## GOAL OF THE EXERCISE
What's needed is an exact copy of the lines from the one that contains "An extraordinary fusion" to the end of the data below, leaving the pictures out.

## DATASET SECTION
━━━━━━━━━━━━━━━━━━━━

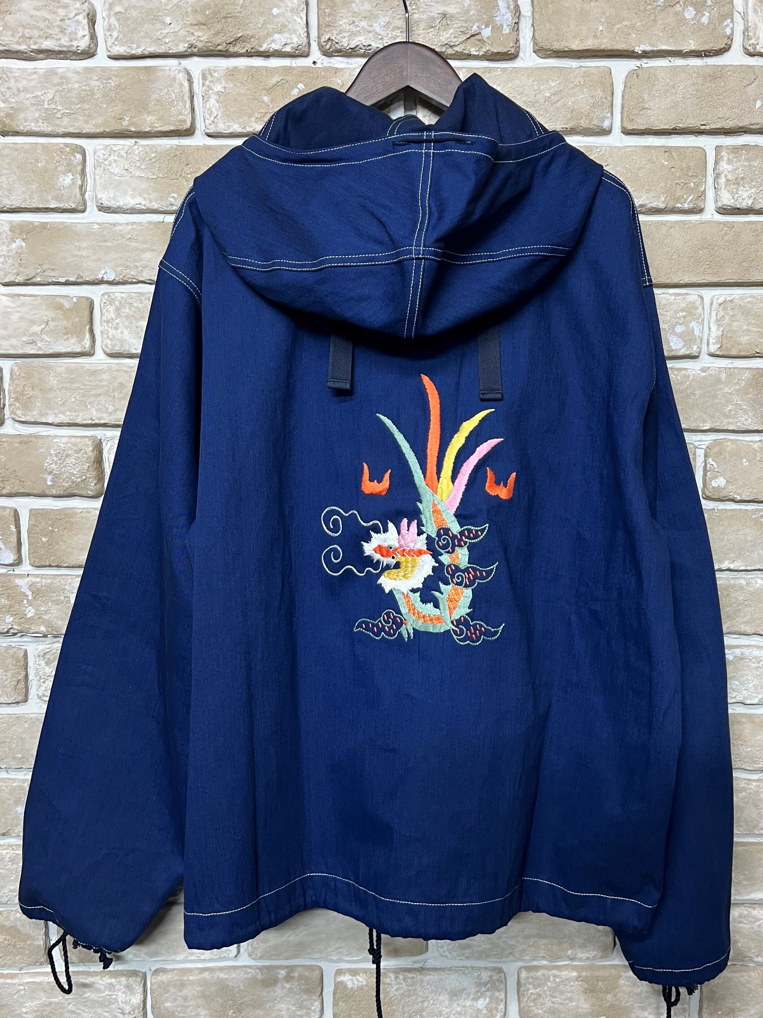 最近では希少となったヴィンテージの“UTILITY SMOCK” 顎まで隠れるデティールが特徴。)ヴィンテージライクな刺繍を入れた、オリジナルティあるサルベージパーカーに仕上げました。
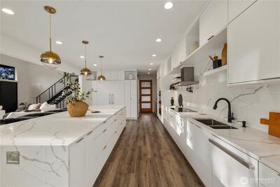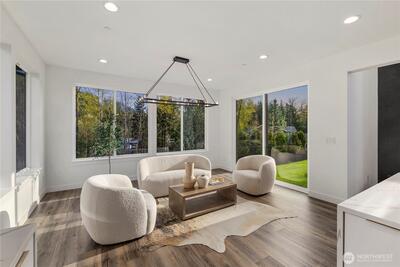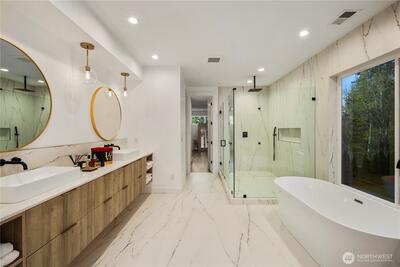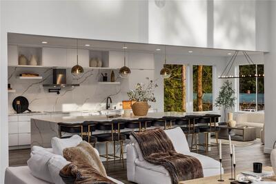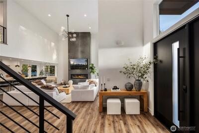 An extraordinary fusion of modern luxury and natural beauty, this 4,300 sqft Snoqualmie estate is a true sanctuary. Privately nestled on nearly an acre the home showcases soaring ceilings, a striking floating staircase, and exquisite designer finishes throughout. The custom European-inspired kitchen features sleek white cabinetry, state-of-the-art Miele appliances, and a dramatic 14’ waterfall island. Indulge in the spa-like primary suite with a double shower, soaking tub, and expansive walk-in closet. A main-level office, generous lower-level living space with separate entrance, and outdoor terraces, create a lifestyle of comfort and distinction. Effortless access to I-90, Bellevue, and award-winning schools. Timeless elegance, redefined.
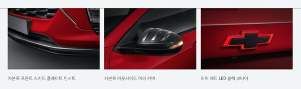 외관에는 카본룩 프론트 스키드 플레이트 인서트와 카본룩 아웃사이드 미러 커버가 적용됐습니다. 여기에 RS 전용 글로스 블랙 그릴과 트리탄 크롬 그릴바가 더해지면서 레드 포인트와 카본 디테일이 대비를 이루는 스포티한 분위기를 강조했습니다. 이러한 디자인 구성은 기존 트랙스의 날렵한 크로스오버 스타일과 맞물리며, 소형 SUV지만 한층 공격적인 이미지를 강조하는 방향으로 완성됐습니다.

━━━━━━━━━━━━━━━━━━━━

## RESPONSE BOX
 An extraordinary fusion of modern luxury and natural beauty, this 4,300 sqft Snoqualmie estate is a true sanctuary. Privately nestled on nearly an acre the home showcases soaring ceilings, a striking floating staircase, and exquisite designer finishes throughout. The custom European-inspired kitchen features sleek white cabinetry, state-of-the-art Miele appliances, and a dramatic 14’ waterfall island. Indulge in the spa-like primary suite with a double shower, soaking tub, and expansive walk-in closet. A main-level office, generous lower-level living space with separate entrance, and outdoor terraces, create a lifestyle of comfort and distinction. Effortless access to I-90, Bellevue, and award-winning schools. Timeless elegance, redefined.
 외관에는 카본룩 프론트 스키드 플레이트 인서트와 카본룩 아웃사이드 미러 커버가 적용됐습니다. 여기에 RS 전용 글로스 블랙 그릴과 트리탄 크롬 그릴바가 더해지면서 레드 포인트와 카본 디테일이 대비를 이루는 스포티한 분위기를 강조했습니다. 이러한 디자인 구성은 기존 트랙스의 날렵한 크로스오버 스타일과 맞물리며, 소형 SUV지만 한층 공격적인 이미지를 강조하는 방향으로 완성됐습니다.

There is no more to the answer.